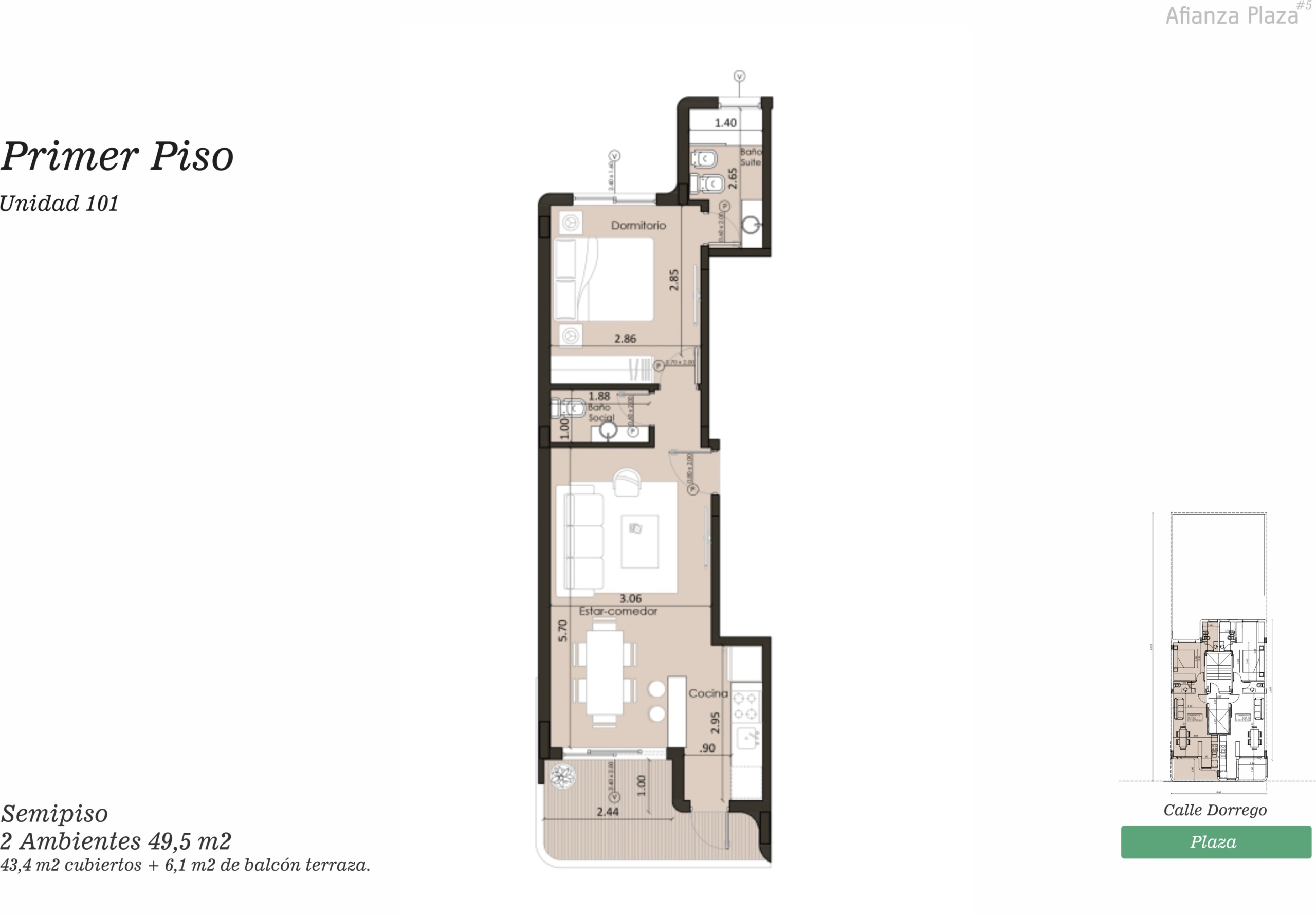 | 1 | 101 | 2 | ESTE | 49,5 m² | DISPONIBLE |
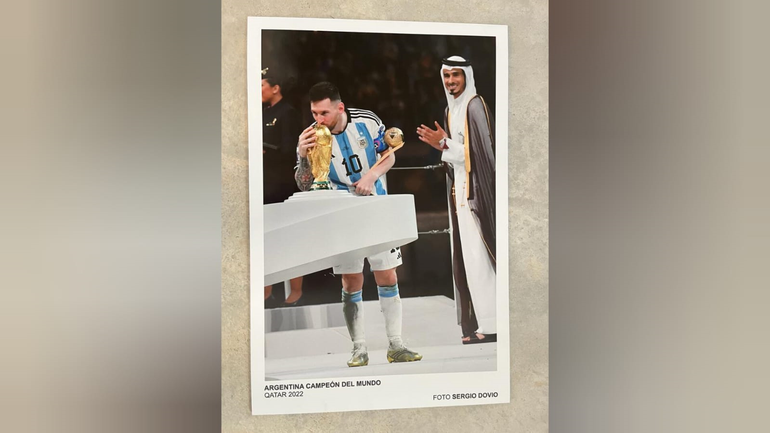 Con motivo de la celebración, también obsequió dos fotos que hizo en el último Mundial de Fútbol, como un afortunado y fotógrado amateur que tuvo la inmensa alegría de haber sido testigo de 12 mundiales y 16 juegos olímpicos, y tener la dicha de haber recibo dos remeras del número uno (Lionel Messi).
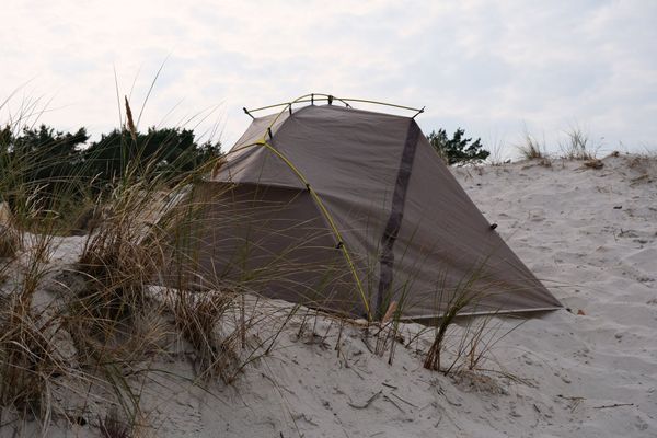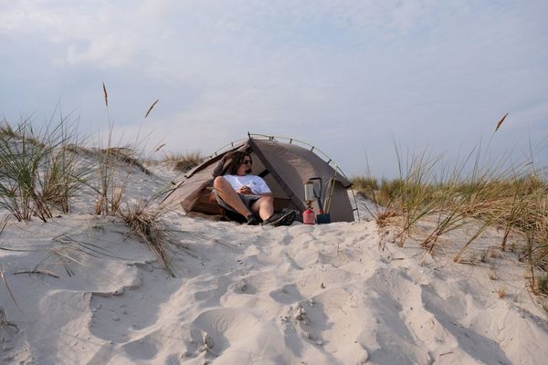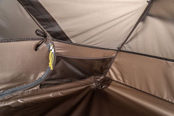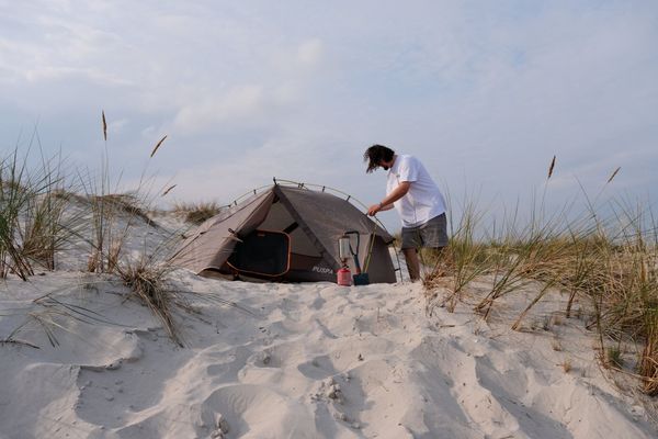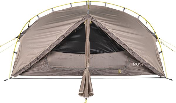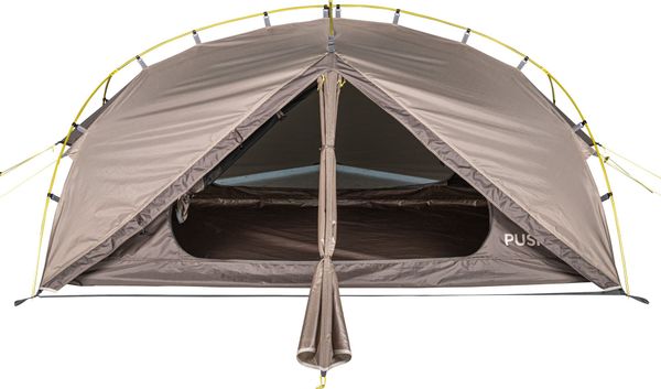 "The outer tent of the PUSPA 2 is made from a robust ripstop material made from recycled polyester and has a PU coating that guarantees a water resistance of 3,000 mm. The tent floor is even more resistant with a water resistance of 5,000 mm, so you stay dry even in the rain. The siliconized coating of the material increases the tear resistance and durability, making the tent a reliable companion on longer tours."

## PROBLEM TO SOLVE
Your answer should be the lines above from the one that contains "Con motivo de" through the last, set down exactly, with the pictures removed.

## ANSWER TO THIS EXERCISE
 Con motivo de la celebración, también obsequió dos fotos que hizo en el último Mundial de Fútbol, como un afortunado y fotógrado amateur que tuvo la inmensa alegría de haber sido testigo de 12 mundiales y 16 juegos olímpicos, y tener la dicha de haber recibo dos remeras del número uno (Lionel Messi).
 "The outer tent of the PUSPA 2 is made from a robust ripstop material made from recycled polyester and has a PU coating that guarantees a water resistance of 3,000 mm. The tent floor is even more resistant with a water resistance of 5,000 mm, so you stay dry even in the rain. The siliconized coating of the material increases the tear resistance and durability, making the tent a reliable companion on longer tours."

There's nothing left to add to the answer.